# Task prompt:
Copy out the full data exactly as given; pictures should not be included.

# Data below:
————

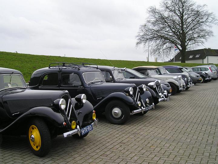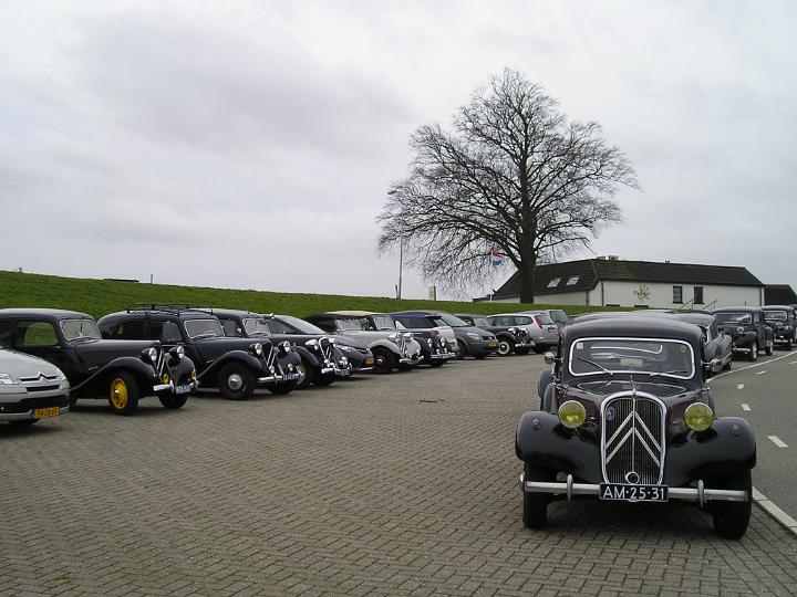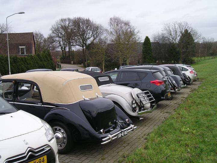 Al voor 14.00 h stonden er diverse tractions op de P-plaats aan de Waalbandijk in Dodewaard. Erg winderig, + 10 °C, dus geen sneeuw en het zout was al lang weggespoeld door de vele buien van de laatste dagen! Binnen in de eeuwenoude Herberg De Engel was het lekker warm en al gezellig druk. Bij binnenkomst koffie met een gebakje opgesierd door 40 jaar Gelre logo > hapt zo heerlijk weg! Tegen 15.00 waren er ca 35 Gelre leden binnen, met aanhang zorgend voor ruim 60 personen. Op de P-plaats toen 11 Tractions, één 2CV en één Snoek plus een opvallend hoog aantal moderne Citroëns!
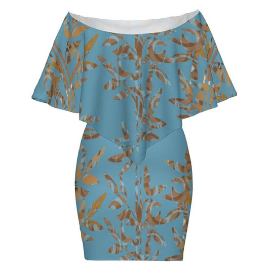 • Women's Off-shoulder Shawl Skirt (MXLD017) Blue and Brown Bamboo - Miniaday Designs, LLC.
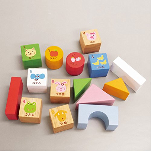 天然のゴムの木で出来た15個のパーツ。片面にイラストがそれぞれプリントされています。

————

# Solution to this exercise:
 Al voor 14.00 h stonden er diverse tractions op de P-plaats aan de Waalbandijk in Dodewaard. Erg winderig, + 10 °C, dus geen sneeuw en het zout was al lang weggespoeld door de vele buien van de laatste dagen! Binnen in de eeuwenoude Herberg De Engel was het lekker warm en al gezellig druk. Bij binnenkomst koffie met een gebakje opgesierd door 40 jaar Gelre logo > hapt zo heerlijk weg! Tegen 15.00 waren er ca 35 Gelre leden binnen, met aanhang zorgend voor ruim 60 personen. Op de P-plaats toen 11 Tractions, één 2CV en één Snoek plus een opvallend hoog aantal moderne Citroëns!
 • Women's Off-shoulder Shawl Skirt (MXLD017) Blue and Brown Bamboo - Miniaday Designs, LLC.
 天然のゴムの木で出来た15個のパーツ。片面にイラストがそれぞれプリントされています。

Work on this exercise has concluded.